Ticket #2079 (closed defect: fixed)

Opened 10 months ago

Last modified 10 months ago

Crash in pjsip due to race condition in account's keep alive timer

Reported by: ming Owned by: bennylp
Priority: normal Milestone: release-2.8
Component: pjsua-lib Version: trunk
Keywords: Cc:
Backport to 1.x milestone: Backported: no

Description

Scenario:

  • An active account re-registers
  • The re-registration fails (such as when the DNS resolution times out after 10 seconds)
  • At exactly the same time, the keep-alive timer fires.

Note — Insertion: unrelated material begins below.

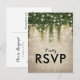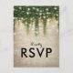 Cartes de réponse de mariage de conte de fées magique avec un fond de mur de briques de pierre rustique, vigne de lierre vert avec des lumières scintillantes, et un modèle de réponse moderne.

The issue was consistently reproducible under a very high network load, with the re-registration interval set to 5 seconds, DNS timeout default (10 seconds) and keepalive interval default (15 seconds). Since 5+10 seconds == 15 seconds, the 2 events coincide and lead to the following backtrace:

Thread #1 (Suspended : Signal : SIGSEGV:Segmentation fault)	
	keep_alive_timer_cb() at pjsua_acc.c:1,981 0x76bcb424	
	pj_timer_heap_poll() at timer.c:643 0x76e43244	
	pjsip_endpt_handle_events2() at sip_endpoint.c:713 0x76cc0dd8	
	worker_thread() at pjsua_core.c:695 0x76bde404	
Thread #2
	__pthread_mutex_unlock_usercnt() at pthread_mutex_unlock.c:66 0x4940a4d8 
	__GI___pthread_mutex_unlock() at pthread_mutex_unlock.c:315 0x4940a588 
	pj_mutex_unlock() at os_core_unix.c:1,323 0x76e4241c 
	PJSUA_UNLOCK() at pjsua_internal.h:584 0x76be4244 
	pjsua_acc_set_registration() at pjsua_acc.c:2,682 0x76be4244 
	pj::Account::getInfo() at account.cpp:737 0x76e86438 

There are two problems here:

  • timer.c: pj_timer_heap_poll() places the timer onto the freelist and releases the global lock before calling the callback -- thus the callback may operate on a timer already freed! Proposed fix: keep timer_entry out of the freelist until the callback is done.
  • pjsua_acc.c: Even with the 1st issue fixed, the account registration could still be canceled "exactly when the callback fires", because the lock is released before the callback ... thus putting NULL into the ka_transport thus causing the crash. Proposed fix: protect against NULL in ka_transport.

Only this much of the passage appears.